How it all began: Center for Constructive Alternatives advancing values since ’80s

Home Features How it all began: Center for Constructive Alternatives advancing values since ’80s
How it all began: Center for Constructive Alternatives advancing values since ’80s

J. Peter Grace, chairman of Citizens Against
Government Waste, spoke at a Shavano conference in 1990. Collegian Archives

As this week’s Center for Constructive Alternatives lecture series comes to a close, the CCA turns 47 years old.

Twice a semester, Hillsdale College hosts the CCA lectures. Each program consists of a four- to five-day lecture series during which experts speak on topics ranging from economics and humanities to government structures, current events, and films.

In a December 1971 interview, George Roche III, the eleventh president of Hillsdale College, told Hillsdale’s Alumni Magazine about his plans for the new CCA program. The CCA launched in the fall of 1972.

In designing the CCA, Roche set big goals for the college’s position in both educating and leading the students.

According to Don Houghton, who interviewed Roche for the Alumni Magazine, the CCAs “forecast a fresh and vigorous program designed to advance the college still further in its singular role of leadership, citizenship, responsibility, and faith in our American

heritage,” bringing some of the “great minds and personalities of our time” right to Hillsdale’s campus.

But Roche didn’t create the CCA just for students. The students took the CCAs for credit, but this was the college’s first time designing a program that was required for students and also open to the public.

According to Public Service Librarian Linda Moore, students were all initially required to take four CCA lecture series during their time at Hillsdale, but due to the expansion of the core and degree requirements, the CCA requirement dropped down to two credit hours and is now one hour.

“Lots of donors do like to hear what’s being said on campus,” Moore said. “You want to have people know about the college and you want people to know about the philosophy of the college.”

Just 10 years after the first CCA lectures, Roche introduced another new leadership program: the Shavano Institute for National Leadership. SINL expanded the achievement of the CCA program and shared a parallel mission but on a separate track.

While the CCA program was designed to attract students and guests to Hillsdale College, Shavano was designed to share the mission of Hillsdale College with those who live farther away, bringing “a greater appeal to a large section of America,” according to a 1981 issue of The Collegian.

The college originally established NLS in Colorado Springs, named after Mount Shavano.
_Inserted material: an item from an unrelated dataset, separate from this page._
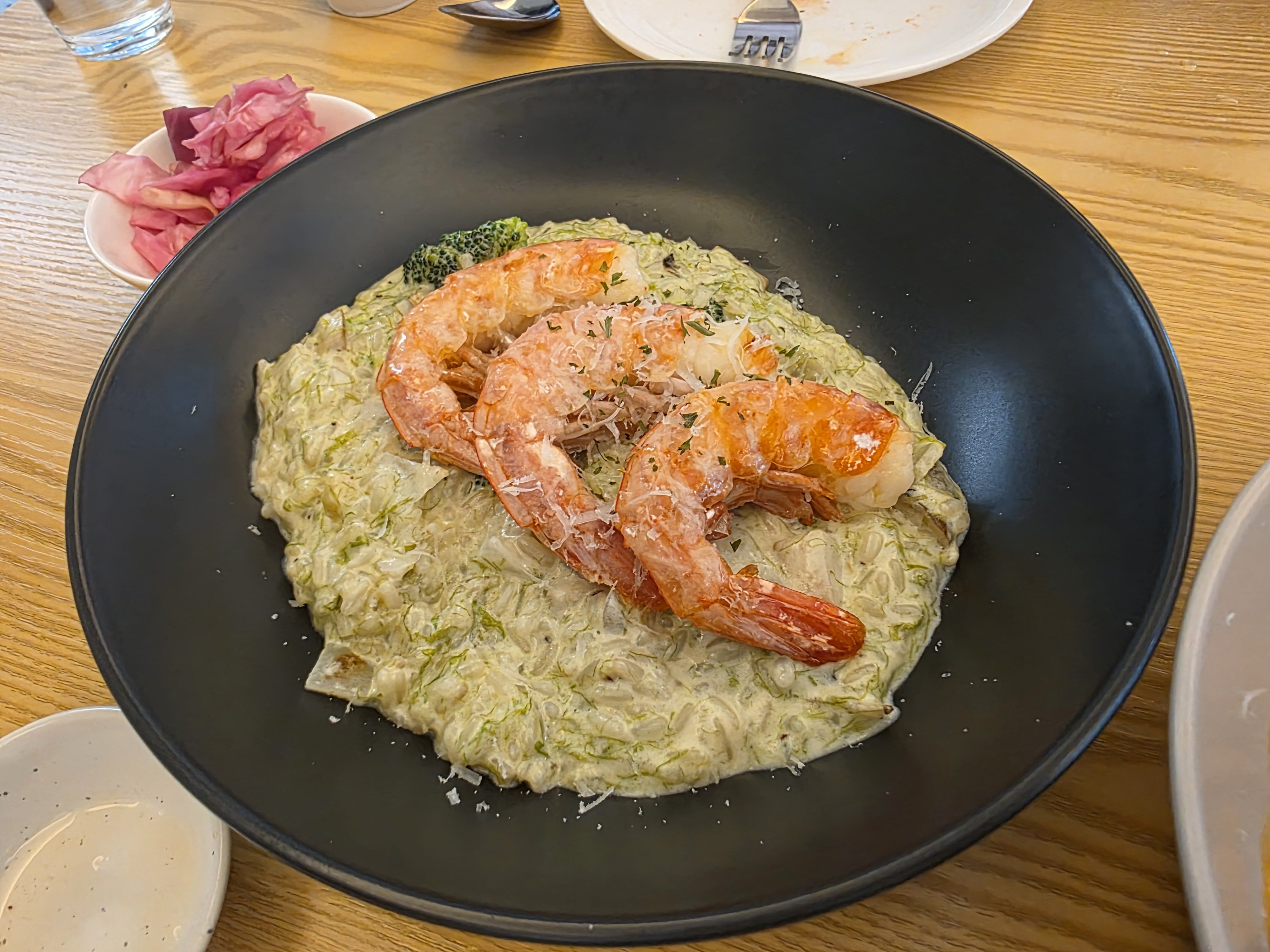 크림 베이스 리조또에 새우가 올라가 있는 메뉴였는데, 의외로 조합이 나쁘지 않았습니다. 새우 자체는 탱글했고, 감태 크림소스가 고소하면서도 약간의 바다향을 더해 주더라고요. 다만 밥알이 살짝 퍼져 있어서 리조또라기보단 죽에 가까운 느낌이 나는 건 아쉬웠습니다.

But only four years later, the college brought the program back to campus because of its large success. The goal was to integrate the program with the CCAs, and as a result of its relocation, SINL would hold “a series of seminars on campus and around the country” in order to enlarge the already increasing national following, according to a 1985 edition of The Collegian.

The change in location also brought a change of name. Around the time Roche retired, the program became known as the National Leadership Seminar. NLS presents around the nation, expanding upon SINL.

The first seminar began with 200 attendees, but since then, more than 20,000 individuals have attended the program. In a 1981 edition of The Collegian, Peter Neidbala ’82 said that the CCA was meant to “develop broad understanding of conservative thought,” and both the CCAs and the NLS continue to curate a space for these ideals.

Both of these programs were considered by many as radical institutions for their time as they attempted not only “a new academic departure, but a defense of traditional values in an age which is moving in the opposite direction” according to the Alumni Magazine in 1971.

In a 1972 edition of the Hillsdale Alumni Magazine, Bruce Oyen, former magazine editor, said this project is undoubtedly “an ambitious one.”

“The talent, support, and leadership for it exist,” Oyen said, “And Hillsdale College with its long record of independence is the proper academic setting.”

While there are many college lecture series around the country, current Director of CCAs Matt Bell said, “the Hillsdale College CCA program is unique, not only because of its size and history, but also — and most importantly — because it continues to be guided by the original 1844 mission of the College.”